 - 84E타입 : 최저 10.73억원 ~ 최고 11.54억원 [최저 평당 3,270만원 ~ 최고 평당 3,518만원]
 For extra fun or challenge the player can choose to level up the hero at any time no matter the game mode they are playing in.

+-------+

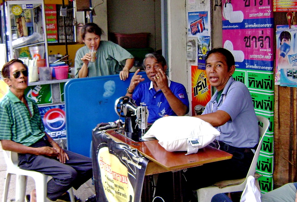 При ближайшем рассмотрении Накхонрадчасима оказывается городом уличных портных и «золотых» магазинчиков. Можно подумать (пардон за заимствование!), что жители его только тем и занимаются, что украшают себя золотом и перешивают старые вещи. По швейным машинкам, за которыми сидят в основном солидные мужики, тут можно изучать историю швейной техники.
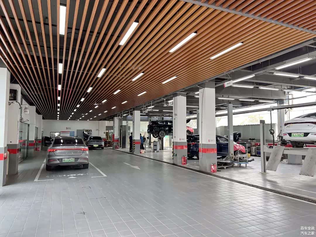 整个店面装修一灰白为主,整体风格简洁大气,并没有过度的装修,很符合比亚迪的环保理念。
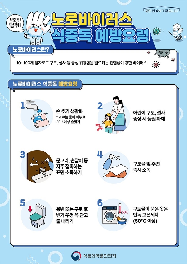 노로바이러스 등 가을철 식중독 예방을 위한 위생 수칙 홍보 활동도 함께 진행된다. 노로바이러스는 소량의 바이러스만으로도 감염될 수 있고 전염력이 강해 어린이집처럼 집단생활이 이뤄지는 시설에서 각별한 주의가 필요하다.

+-------+

Task prompt >> Reproduce the records above exactly, but only from the line with "整个店面装修一灰白为主,整体" up to and including the line with "노로바이러스 등 가을철". Leave the pictures out.

Answer to this problem >>
 整个店面装修一灰白为主,整体风格简洁大气,并没有过度的装修,很符合比亚迪的环保理念。
 노로바이러스 등 가을철 식중독 예방을 위한 위생 수칙 홍보 활동도 함께 진행된다. 노로바이러스는 소량의 바이러스만으로도 감염될 수 있고 전염력이 강해 어린이집처럼 집단생활이 이뤄지는 시설에서 각별한 주의가 필요하다.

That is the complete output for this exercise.